Dataset entries
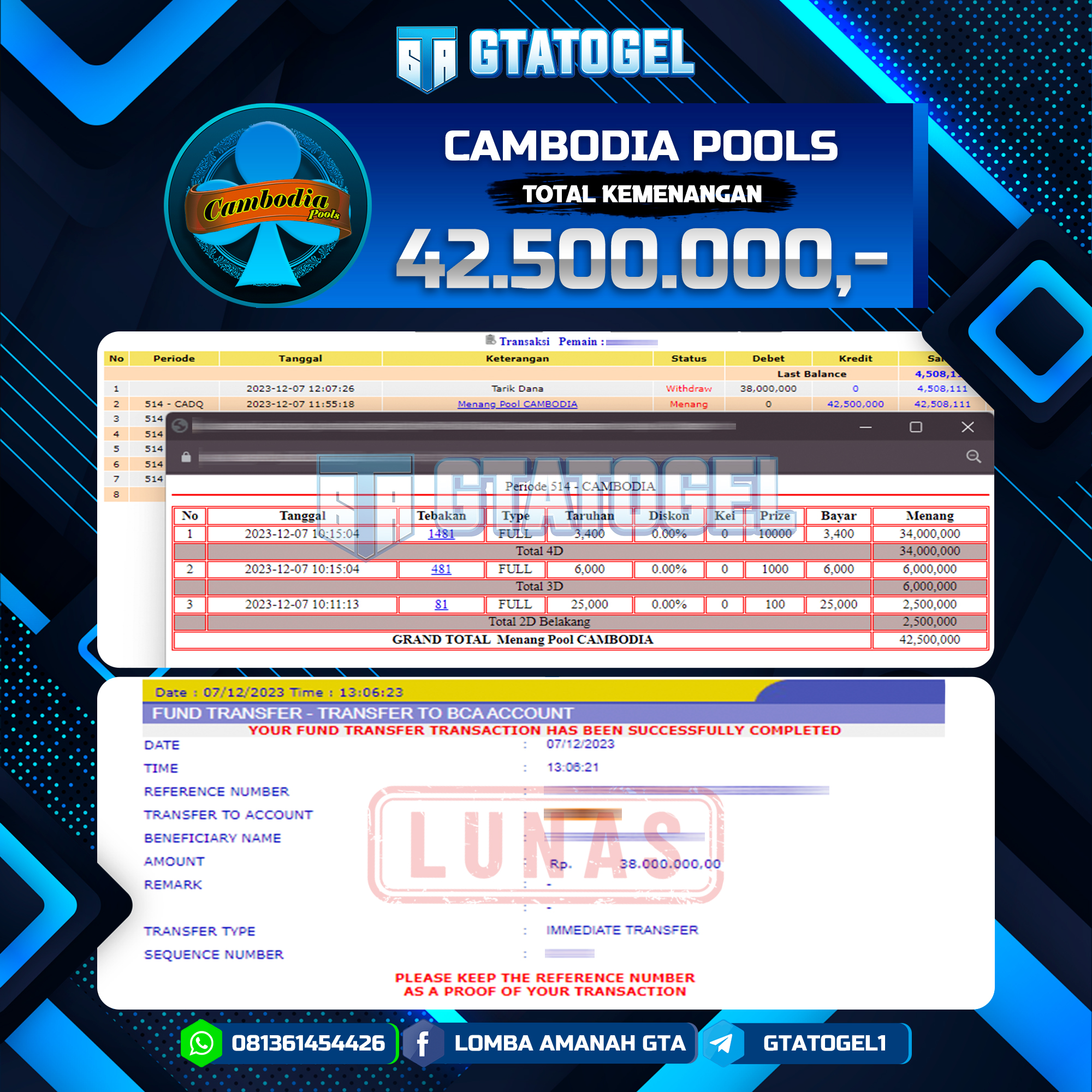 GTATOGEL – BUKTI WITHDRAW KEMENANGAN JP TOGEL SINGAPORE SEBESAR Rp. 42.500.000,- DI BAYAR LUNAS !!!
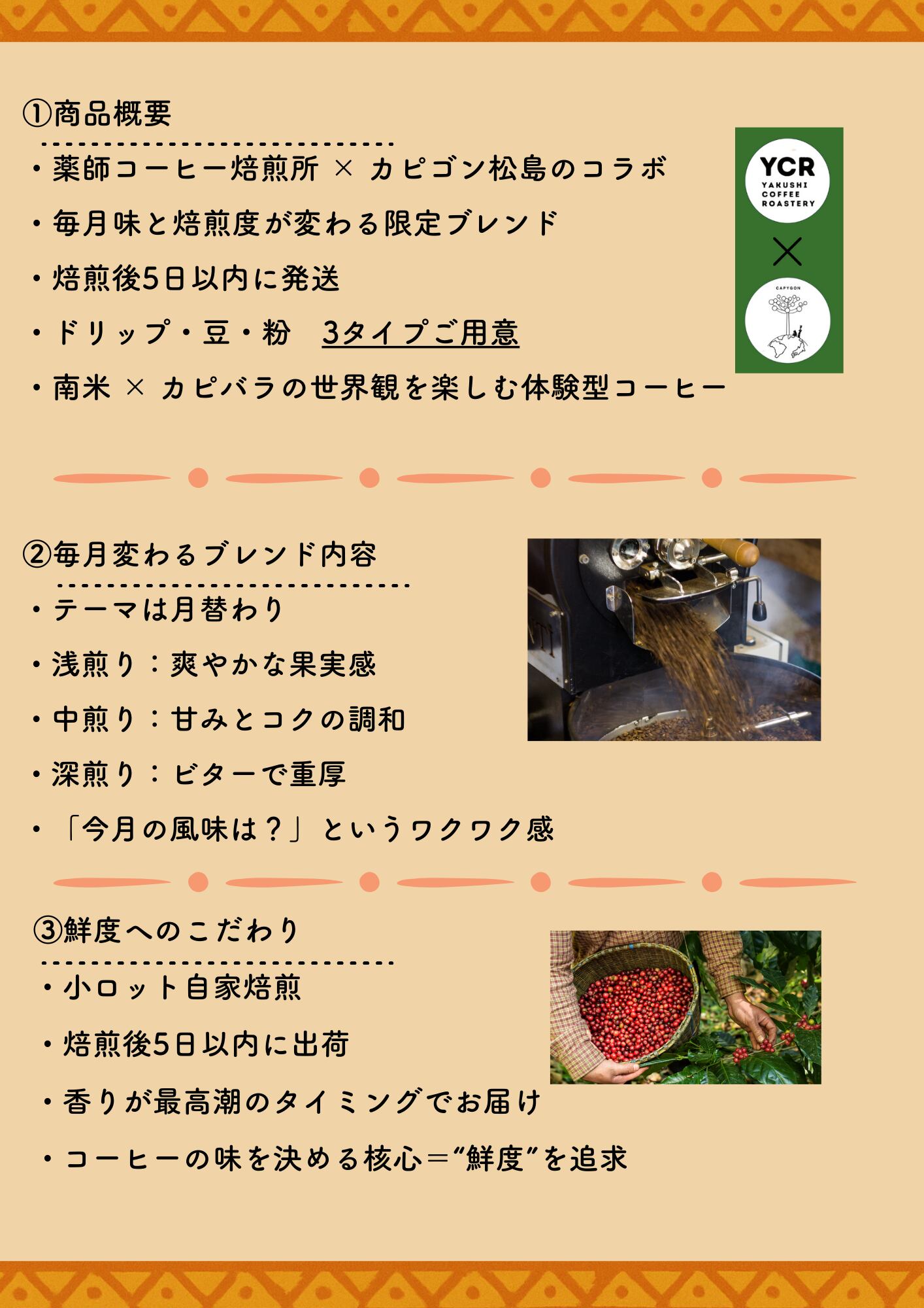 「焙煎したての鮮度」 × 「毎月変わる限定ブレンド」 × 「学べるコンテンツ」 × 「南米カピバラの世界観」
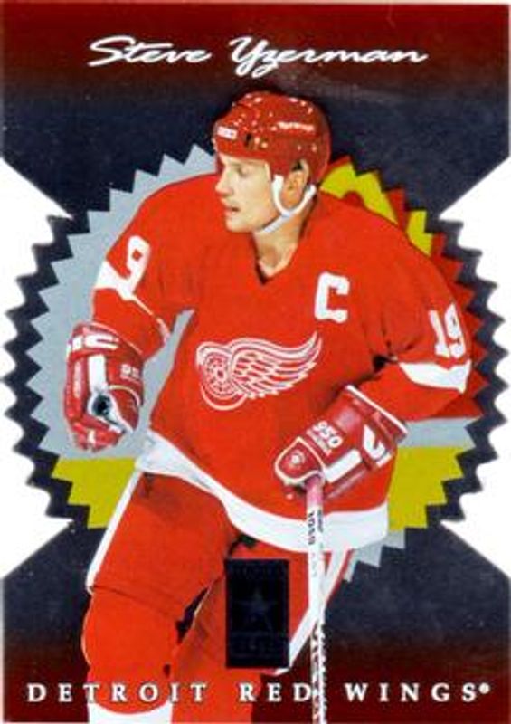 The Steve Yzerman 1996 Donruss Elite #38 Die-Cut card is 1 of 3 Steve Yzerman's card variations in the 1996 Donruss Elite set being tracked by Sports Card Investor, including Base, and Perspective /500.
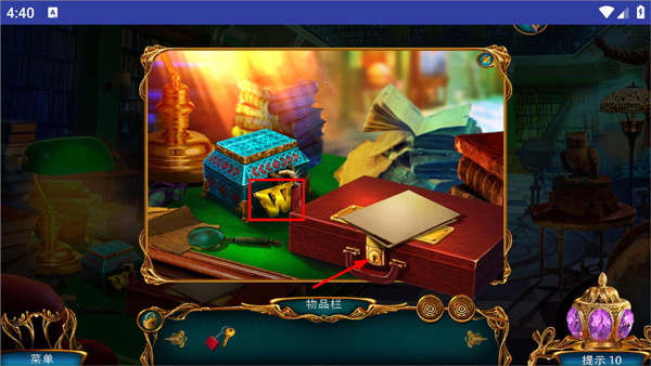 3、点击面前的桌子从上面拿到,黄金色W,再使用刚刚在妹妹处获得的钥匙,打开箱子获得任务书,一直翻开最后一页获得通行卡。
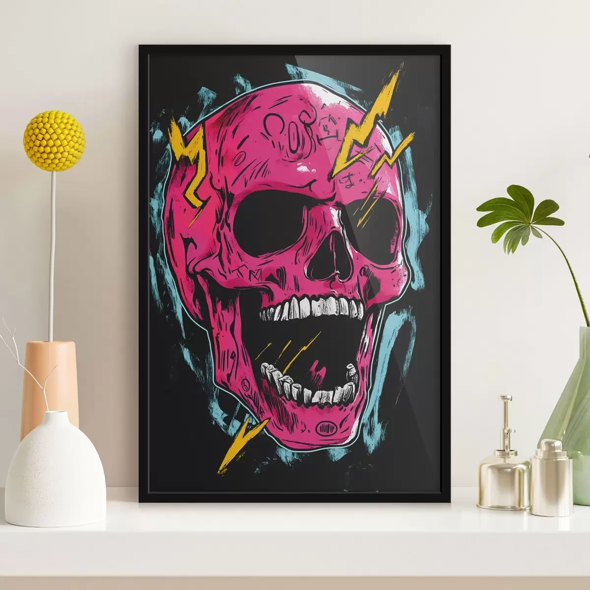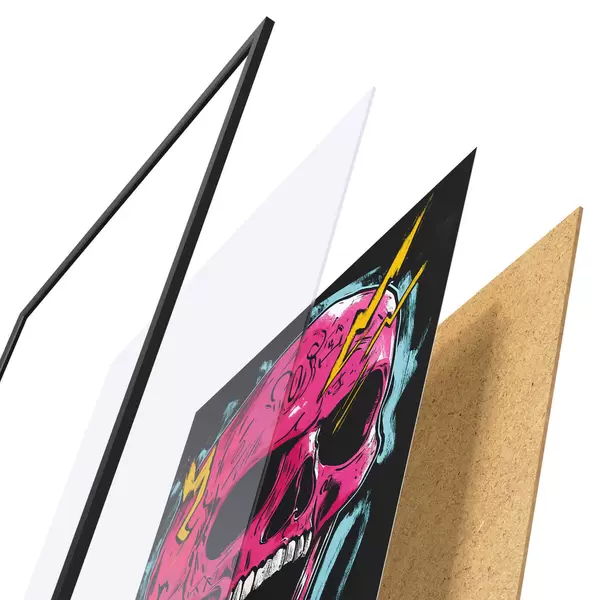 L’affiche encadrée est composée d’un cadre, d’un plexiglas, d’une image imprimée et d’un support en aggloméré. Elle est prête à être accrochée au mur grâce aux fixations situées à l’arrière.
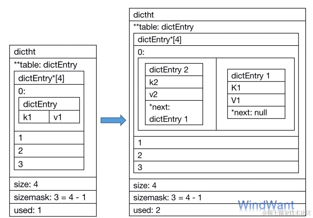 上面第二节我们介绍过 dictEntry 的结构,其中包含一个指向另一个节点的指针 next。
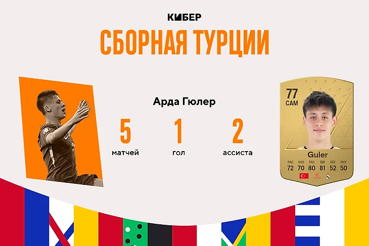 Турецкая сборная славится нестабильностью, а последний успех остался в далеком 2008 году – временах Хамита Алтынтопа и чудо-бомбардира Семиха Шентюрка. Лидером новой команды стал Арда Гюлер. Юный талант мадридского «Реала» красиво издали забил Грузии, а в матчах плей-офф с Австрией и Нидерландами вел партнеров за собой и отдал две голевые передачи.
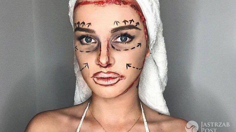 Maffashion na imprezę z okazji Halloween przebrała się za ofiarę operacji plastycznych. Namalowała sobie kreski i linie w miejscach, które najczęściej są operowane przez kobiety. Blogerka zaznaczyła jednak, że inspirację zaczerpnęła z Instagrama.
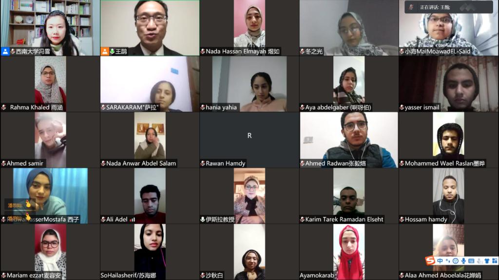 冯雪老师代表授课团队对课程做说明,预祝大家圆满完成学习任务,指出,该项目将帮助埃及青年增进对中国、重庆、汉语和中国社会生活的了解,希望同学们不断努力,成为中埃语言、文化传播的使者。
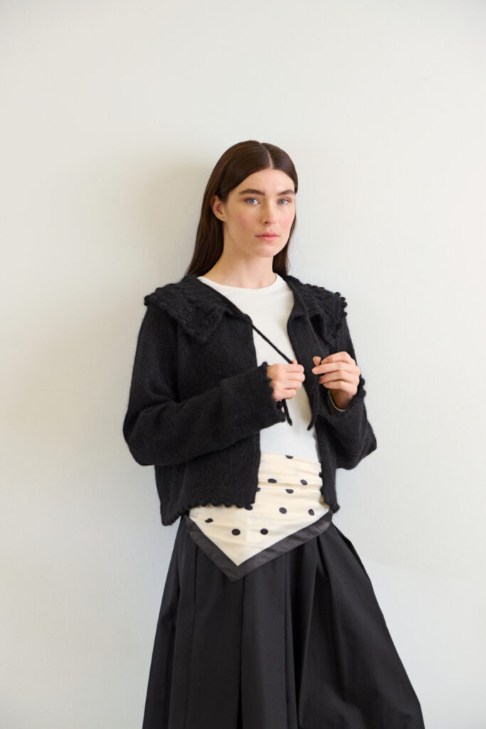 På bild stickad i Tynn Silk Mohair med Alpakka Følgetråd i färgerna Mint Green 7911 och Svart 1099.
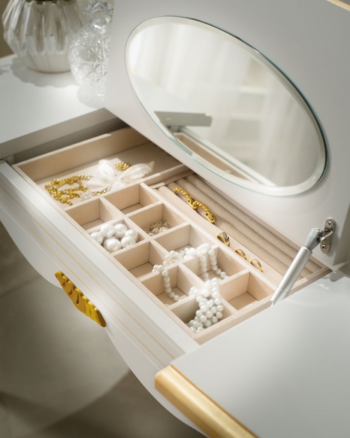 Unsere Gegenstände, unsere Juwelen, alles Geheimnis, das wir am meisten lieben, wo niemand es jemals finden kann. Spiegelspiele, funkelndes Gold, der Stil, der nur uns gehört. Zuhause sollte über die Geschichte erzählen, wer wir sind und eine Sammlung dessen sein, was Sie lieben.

What you have to do
Exactly reproduce the lines that run from the first line of the listing above to the line containing "上面第二节我们介绍过 dictEntry 的结构,其中包含一个指向另一个节点的指针", including both; omit the pictures.

Completed task
 GTATOGEL – BUKTI WITHDRAW KEMENANGAN JP TOGEL SINGAPORE SEBESAR Rp. 42.500.000,- DI BAYAR LUNAS !!!
 「焙煎したての鮮度」 × 「毎月変わる限定ブレンド」 × 「学べるコンテンツ」 × 「南米カピバラの世界観」
 The Steve Yzerman 1996 Donruss Elite #38 Die-Cut card is 1 of 3 Steve Yzerman's card variations in the 1996 Donruss Elite set being tracked by Sports Card Investor, including Base, and Perspective /500.
 3、点击面前的桌子从上面拿到,黄金色W,再使用刚刚在妹妹处获得的钥匙,打开箱子获得任务书,一直翻开最后一页获得通行卡。
 L’affiche encadrée est composée d’un cadre, d’un plexiglas, d’une image imprimée et d’un support en aggloméré. Elle est prête à être accrochée au mur grâce aux fixations situées à l’arrière.
 上面第二节我们介绍过 dictEntry 的结构,其中包含一个指向另一个节点的指针 next。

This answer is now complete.